(WORK ITEM):
Quote only the lines from the top of the listing below down to and including the line with "Toggles projector audio".

(RECORDS Opens)

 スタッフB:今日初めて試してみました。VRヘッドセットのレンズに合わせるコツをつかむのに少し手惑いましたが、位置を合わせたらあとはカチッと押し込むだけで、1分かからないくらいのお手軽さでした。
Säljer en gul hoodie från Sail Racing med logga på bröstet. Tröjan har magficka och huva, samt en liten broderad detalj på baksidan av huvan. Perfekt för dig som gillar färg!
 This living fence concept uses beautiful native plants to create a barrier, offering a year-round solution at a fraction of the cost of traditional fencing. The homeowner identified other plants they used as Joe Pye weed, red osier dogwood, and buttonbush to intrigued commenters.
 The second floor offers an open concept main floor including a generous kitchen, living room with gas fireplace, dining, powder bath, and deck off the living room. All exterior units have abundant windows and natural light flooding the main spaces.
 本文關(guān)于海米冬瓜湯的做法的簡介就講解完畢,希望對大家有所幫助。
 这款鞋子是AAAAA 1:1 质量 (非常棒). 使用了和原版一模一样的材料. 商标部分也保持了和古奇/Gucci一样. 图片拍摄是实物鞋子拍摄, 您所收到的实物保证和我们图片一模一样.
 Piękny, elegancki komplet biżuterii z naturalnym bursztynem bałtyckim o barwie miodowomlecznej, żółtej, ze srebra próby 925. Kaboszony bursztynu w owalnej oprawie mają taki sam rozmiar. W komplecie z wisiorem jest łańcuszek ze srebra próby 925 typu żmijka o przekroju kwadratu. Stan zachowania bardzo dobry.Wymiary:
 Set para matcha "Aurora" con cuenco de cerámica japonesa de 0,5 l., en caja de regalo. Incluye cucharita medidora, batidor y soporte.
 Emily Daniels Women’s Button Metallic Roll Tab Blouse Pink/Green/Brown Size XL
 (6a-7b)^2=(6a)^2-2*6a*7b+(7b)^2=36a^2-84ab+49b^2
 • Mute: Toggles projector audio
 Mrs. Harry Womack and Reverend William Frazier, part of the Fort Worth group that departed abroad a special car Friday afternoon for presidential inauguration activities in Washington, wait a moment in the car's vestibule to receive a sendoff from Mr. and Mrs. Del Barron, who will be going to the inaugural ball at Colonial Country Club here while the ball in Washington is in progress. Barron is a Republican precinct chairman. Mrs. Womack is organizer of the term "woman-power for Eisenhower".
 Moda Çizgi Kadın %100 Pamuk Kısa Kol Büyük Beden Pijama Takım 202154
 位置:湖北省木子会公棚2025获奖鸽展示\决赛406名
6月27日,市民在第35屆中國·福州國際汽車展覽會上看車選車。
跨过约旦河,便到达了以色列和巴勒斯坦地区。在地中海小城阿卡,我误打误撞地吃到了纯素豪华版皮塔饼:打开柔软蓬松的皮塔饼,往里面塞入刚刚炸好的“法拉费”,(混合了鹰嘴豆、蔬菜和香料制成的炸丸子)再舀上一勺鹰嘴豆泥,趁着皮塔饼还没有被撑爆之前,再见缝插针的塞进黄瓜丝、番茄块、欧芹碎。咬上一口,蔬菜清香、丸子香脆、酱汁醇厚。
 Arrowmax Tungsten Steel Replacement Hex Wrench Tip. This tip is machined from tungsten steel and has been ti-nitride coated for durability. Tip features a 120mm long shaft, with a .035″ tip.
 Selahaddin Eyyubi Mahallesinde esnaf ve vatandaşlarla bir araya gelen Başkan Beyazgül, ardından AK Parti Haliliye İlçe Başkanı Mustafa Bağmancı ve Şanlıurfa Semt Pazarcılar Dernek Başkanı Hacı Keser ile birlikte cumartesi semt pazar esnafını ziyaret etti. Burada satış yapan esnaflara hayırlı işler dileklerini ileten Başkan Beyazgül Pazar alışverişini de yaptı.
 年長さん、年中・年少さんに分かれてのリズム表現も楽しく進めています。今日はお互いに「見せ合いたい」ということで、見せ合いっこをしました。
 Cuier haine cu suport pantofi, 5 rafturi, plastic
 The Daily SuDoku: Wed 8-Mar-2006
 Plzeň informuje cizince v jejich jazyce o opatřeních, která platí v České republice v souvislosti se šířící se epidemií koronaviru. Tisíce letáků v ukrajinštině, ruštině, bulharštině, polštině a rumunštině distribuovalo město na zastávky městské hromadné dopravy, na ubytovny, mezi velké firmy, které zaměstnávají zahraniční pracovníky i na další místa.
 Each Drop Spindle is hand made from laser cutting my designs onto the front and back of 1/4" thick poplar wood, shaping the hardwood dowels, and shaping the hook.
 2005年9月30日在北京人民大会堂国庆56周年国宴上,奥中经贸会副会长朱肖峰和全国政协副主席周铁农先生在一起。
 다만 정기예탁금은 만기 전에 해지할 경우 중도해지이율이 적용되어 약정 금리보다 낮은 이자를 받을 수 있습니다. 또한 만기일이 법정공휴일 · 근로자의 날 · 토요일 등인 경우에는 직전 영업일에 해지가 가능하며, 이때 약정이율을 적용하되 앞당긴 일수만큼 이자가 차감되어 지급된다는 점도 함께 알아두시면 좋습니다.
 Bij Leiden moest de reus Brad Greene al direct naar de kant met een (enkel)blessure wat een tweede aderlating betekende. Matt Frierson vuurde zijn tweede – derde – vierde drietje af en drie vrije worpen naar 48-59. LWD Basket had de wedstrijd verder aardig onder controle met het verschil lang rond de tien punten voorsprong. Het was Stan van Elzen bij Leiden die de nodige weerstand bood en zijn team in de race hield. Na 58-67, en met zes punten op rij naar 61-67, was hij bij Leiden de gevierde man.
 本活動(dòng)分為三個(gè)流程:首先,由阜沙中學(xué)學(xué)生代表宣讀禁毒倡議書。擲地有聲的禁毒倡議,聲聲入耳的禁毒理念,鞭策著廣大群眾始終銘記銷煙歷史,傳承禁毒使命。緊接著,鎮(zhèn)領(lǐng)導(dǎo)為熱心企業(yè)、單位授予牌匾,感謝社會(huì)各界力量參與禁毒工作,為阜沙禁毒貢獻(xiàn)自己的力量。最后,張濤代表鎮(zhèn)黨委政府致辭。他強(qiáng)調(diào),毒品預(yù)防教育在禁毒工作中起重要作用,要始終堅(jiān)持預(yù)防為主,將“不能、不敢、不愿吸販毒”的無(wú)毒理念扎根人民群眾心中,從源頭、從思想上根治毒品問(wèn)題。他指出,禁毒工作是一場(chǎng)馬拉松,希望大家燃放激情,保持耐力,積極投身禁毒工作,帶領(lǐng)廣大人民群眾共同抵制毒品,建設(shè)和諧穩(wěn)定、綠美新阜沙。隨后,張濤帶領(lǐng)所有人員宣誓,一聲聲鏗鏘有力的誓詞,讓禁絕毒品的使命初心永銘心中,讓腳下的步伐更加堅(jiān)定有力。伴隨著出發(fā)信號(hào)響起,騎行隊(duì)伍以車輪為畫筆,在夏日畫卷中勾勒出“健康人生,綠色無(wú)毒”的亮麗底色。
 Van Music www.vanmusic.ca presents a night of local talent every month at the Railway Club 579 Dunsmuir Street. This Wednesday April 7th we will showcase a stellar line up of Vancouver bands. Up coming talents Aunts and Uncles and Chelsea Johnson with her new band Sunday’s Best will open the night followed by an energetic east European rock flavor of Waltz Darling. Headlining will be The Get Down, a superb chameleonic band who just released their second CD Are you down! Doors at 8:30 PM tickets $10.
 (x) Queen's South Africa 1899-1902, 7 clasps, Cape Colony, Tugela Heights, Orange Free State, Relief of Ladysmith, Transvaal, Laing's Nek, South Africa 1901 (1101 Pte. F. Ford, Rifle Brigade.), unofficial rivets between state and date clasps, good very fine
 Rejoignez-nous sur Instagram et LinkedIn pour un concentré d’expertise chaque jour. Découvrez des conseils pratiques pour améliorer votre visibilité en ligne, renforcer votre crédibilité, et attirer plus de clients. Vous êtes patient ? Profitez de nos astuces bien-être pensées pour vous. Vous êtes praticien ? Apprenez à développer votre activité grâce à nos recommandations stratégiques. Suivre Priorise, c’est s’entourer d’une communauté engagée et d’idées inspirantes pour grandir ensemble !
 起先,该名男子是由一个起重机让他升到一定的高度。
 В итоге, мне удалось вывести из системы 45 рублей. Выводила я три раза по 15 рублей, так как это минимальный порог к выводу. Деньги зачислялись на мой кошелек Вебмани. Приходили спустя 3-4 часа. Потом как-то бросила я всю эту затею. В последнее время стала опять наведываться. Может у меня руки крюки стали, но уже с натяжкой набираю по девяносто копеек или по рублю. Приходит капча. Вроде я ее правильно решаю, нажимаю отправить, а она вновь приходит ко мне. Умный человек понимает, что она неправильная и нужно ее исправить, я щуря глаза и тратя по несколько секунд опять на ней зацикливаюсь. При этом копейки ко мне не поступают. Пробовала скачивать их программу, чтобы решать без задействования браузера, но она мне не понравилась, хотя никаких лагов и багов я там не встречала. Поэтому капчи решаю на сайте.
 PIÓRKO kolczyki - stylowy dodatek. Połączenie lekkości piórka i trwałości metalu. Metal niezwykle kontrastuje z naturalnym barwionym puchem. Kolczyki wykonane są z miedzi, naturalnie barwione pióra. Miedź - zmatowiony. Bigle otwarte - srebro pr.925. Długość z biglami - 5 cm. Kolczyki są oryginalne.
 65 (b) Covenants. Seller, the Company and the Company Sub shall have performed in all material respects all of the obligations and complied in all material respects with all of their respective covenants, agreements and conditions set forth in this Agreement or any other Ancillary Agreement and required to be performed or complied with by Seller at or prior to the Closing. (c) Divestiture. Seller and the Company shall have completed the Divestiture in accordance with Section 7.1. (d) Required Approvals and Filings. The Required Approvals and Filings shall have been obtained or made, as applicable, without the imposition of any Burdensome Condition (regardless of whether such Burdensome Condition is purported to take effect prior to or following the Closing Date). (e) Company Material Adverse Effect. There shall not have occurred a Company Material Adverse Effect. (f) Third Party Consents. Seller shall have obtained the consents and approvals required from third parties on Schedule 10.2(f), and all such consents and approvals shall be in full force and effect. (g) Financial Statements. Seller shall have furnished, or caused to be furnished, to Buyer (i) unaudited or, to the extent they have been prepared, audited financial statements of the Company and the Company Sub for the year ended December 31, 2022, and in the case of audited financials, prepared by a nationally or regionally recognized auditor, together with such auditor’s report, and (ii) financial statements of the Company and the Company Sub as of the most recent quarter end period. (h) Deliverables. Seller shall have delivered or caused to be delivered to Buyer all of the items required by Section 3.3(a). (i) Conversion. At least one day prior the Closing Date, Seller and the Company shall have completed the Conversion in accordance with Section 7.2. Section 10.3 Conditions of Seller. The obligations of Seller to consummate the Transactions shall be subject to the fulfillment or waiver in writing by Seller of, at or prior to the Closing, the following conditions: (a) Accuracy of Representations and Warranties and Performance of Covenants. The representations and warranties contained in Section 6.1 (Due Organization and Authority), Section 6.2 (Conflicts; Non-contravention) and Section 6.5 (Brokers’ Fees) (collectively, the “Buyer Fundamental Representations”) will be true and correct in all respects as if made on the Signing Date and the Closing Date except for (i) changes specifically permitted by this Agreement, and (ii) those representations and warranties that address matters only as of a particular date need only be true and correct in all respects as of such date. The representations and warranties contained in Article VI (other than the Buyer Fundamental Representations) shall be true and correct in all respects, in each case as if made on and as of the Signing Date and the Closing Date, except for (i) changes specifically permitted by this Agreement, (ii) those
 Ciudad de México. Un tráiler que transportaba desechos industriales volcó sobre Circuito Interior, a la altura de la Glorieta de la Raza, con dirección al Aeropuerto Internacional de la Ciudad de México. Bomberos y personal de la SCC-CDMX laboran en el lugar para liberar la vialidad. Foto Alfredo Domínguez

(RECORDS Closes)

(THE ANSWER):
 スタッフB:今日初めて試してみました。VRヘッドセットのレンズに合わせるコツをつかむのに少し手惑いましたが、位置を合わせたらあとはカチッと押し込むだけで、1分かからないくらいのお手軽さでした。
Säljer en gul hoodie från Sail Racing med logga på bröstet. Tröjan har magficka och huva, samt en liten broderad detalj på baksidan av huvan. Perfekt för dig som gillar färg!
 This living fence concept uses beautiful native plants to create a barrier, offering a year-round solution at a fraction of the cost of traditional fencing. The homeowner identified other plants they used as Joe Pye weed, red osier dogwood, and buttonbush to intrigued commenters.
 The second floor offers an open concept main floor including a generous kitchen, living room with gas fireplace, dining, powder bath, and deck off the living room. All exterior units have abundant windows and natural light flooding the main spaces.
 本文關(guān)于海米冬瓜湯的做法的簡介就講解完畢,希望對大家有所幫助。
 这款鞋子是AAAAA 1:1 质量 (非常棒). 使用了和原版一模一样的材料. 商标部分也保持了和古奇/Gucci一样. 图片拍摄是实物鞋子拍摄, 您所收到的实物保证和我们图片一模一样.
 Piękny, elegancki komplet biżuterii z naturalnym bursztynem bałtyckim o barwie miodowomlecznej, żółtej, ze srebra próby 925. Kaboszony bursztynu w owalnej oprawie mają taki sam rozmiar. W komplecie z wisiorem jest łańcuszek ze srebra próby 925 typu żmijka o przekroju kwadratu. Stan zachowania bardzo dobry.Wymiary:
 Set para matcha "Aurora" con cuenco de cerámica japonesa de 0,5 l., en caja de regalo. Incluye cucharita medidora, batidor y soporte.
 Emily Daniels Women’s Button Metallic Roll Tab Blouse Pink/Green/Brown Size XL
 (6a-7b)^2=(6a)^2-2*6a*7b+(7b)^2=36a^2-84ab+49b^2
 • Mute: Toggles projector audio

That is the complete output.